Never swerve from Dharma
[धर्मात्  न  प्रमदितव्यम्  ]

Never swerve from what is beneficial. 
[कुशलात न प्रमदितव्यम्  ]

Never swerve from prosperity. 
[भूत्यै न प्रमदितव्यम्  ]

Never swerve from learning and teaching. 
[स्वाध्यायप्रवचनाभ्यां न प्रमदितव्यम्  ] [1.11.1]

Never swerve from your duties to Gods and Ancestors. 
[ देव  पितृ  कार्याभ्यां  न प्रमदितव्यम्  ]

See your mother as God. 
[मातृ देवो भव  ]   

See your father as God. 
[पितृ देवो भव  ] 

See your teacher as God. 
[आचार्य देवो भव  ]  

See your guest as God. 
[अतिथि देवो भव  

Whatever actions that are blameless, those are to be performed, not others.

[ यानि  अनवध्यानि  कर्माणि  तानि  सेवितव्यानि  |  न उ  इतराणि  ]

Whatever actions among us that are praiseworthy they are to be embraced, not others. 
[ यानि अस्माकगं सुचरितानि  तानि  त्वया उपास्यानि  न उ  इतराणि  ]                      [1.11.2]

Wherever there are men of wisdom superior to us, offer them seats and remove their fatigue. [ ये के च अस्मत् श्रेयाम्सः ब्राह्मणाः  तेषां त्वया आसनेन प्रश्वसितव्यम्  | ]

Do not breathe a word in their presence [but hear them].  
[ आसने न प्रश्वसितव्यम्  | ]

[Whenever you give a gift,] 

Give with Sraddha [reverential faith]
 [श्रद्ध्या देयम्
Never give without Sraddha. 
[अश्रद्ध्या अदेयम्  ]  

Give according to your plenty
[श्रिया देयम्  ]

Give with meekness [modesty]; 
[ह्रिया देयम्  ]

Give with awe [fear of Dharma]; 
[भिया देयम्  ]

Give with understanding [of its need and usefulness]. 
[संविदा देयम्  ]                                                                                                                   [1.11.3]

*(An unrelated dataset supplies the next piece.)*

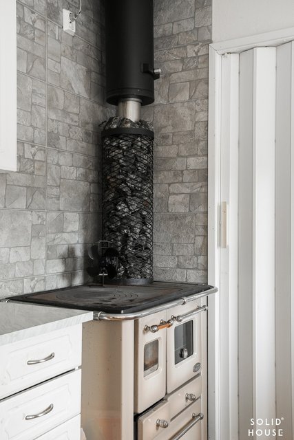 - Jääkaappi, pakastekaappi, keraaminen liesi, puuliesi, liesituuletin (suodatin) astianpesukone, pöytätasojen materiaali laminaatti. Lattia muovimatto, seinät lasikuitutapettia, keittiön välitilassa laattaa.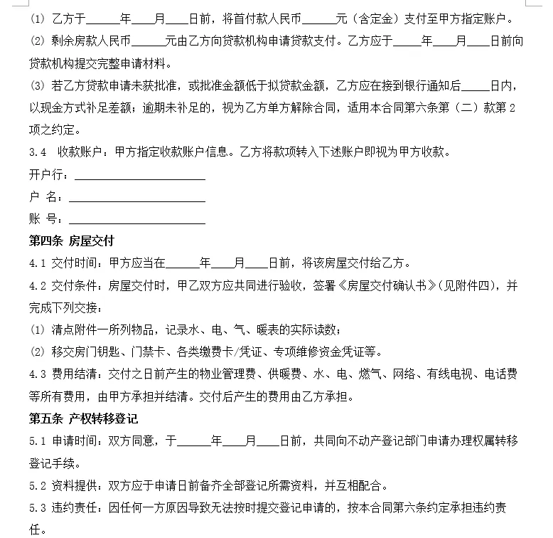 (2) 双方共同向不动产登记部门申请办理权属转移登记,并于取得记载有乙方姓名的新不动产权证书当日,将剩余房款人民币___________元一次性支付至甲方指定账户。

If there should arise in you any doubt as regards any action [कर्म] or conduct [वृत्त ]then you should act in those matters as do the wise men there, who are impartial inexperienced, independent, kind at heart [not harsh] and devoted to Dharma.  

अथ  यदि ते कर्म  विचिकित्सा  वा   वृत्त   विचिकित्सा  वा स्यात्  ये  तत्र  ब्राह्मणाः  सम्मर्शिनः युक्ताः युक्ताः  अलूक्षाः  धर्म कामाः स्युः ।  यथा  ते  तत्र  वर्तेरन  तथा  तत्र  वरतेथाः  । 

Now, as regards dealing with persons of ill-fame, do you deal with them as do the wise men there, who are impartial in judgment, experienced, independent, kind at heart  and devoted to Dharma.  

अथ  अभ्याख्यातेषु  ये  तत्र  ब्राह्मणाः  सम्मर्शिनः युक्ताः युक्ताः  अलूक्षाः  धर्म कामाः स्युः ।  यथा  ते  तत्र  वर्तेरन  तथा  तत्र  वरतेथाः  । 

This is the injunction [rule].  
 एष आदेशः ]

This is the advice.
एष उपदेशः ] 

This is the secret meaning of the Vedas. 
 [ एष वेद उपनिषत् ]

This is the divine command.  
[ एतत् अनुशासनम् ] 

This should be observed. 
 [ येवं उपासितव्यम् ] 

Thus, indeed should this be observed.